The message rings loud and clear: Christmas is over. The curtain has closed on the show we’ve been building up to all year long, and there is nothing more to look forward to but the cold emptiness of January.
We’ve barely cracked Jesus out of the Styrofoam and plunked him in the manger on Christmas morning when it is time to pack him up again.
There’s something very backwards about that, I think, and I feel the need to linger here a little longer under the twinkling lights on the carefully-crafted stage, believing with all my heart that Christmas is not the end but the beginning.
All the awful expectation, the groaning under never-ending Advent days, the weariness of waiting for a cure that will not come—is over.
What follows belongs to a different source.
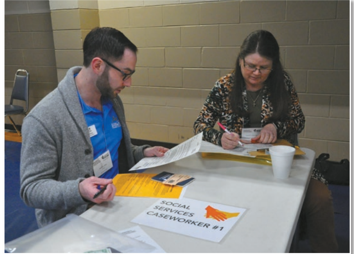
As part of the poverty simulation, Excellence class members were given scenarios involving decision-making on topics like healthcare, education, housing, and the corrections system.

The Chamber's three leadership programs – Excellence, Edge and Equip – each continued their focus on personal and professional development as the calendar flipped over to a new year.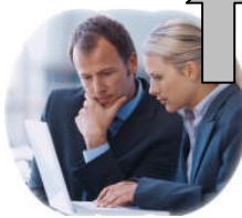
Plant Manager / Corporate EHS

He has come.
Finally, I am free. I am free from the empty striving of the holiday season and the vain attempts to produce peace and joy by my doings. Here, in the days after Christmas, I find my rest.
I sit in the midst of beautiful adornment and I think that now, now, all the glory is appropriate because now my rescuer has come. Now, the Son has dawned.
Now we can begin to celebrate, now when most everyone is packing away the ornaments and hauling the tree to the curb.
But oh, I do not want to pack it in now. I want to throw open the curtain, cut the ribbon, and begin here. I want to sit under the lights and let the incarnation in.
Wonder at the brightest beginning we could ever hope for, the beginning that trumps all other beginnings, the page-turner that leads into a beautiful New Year’s and lovely Valentine’s and the glorious climax of Easter.
This is where the story starts. Christmas day is over, but Christmas—Christ with us!—has just begun.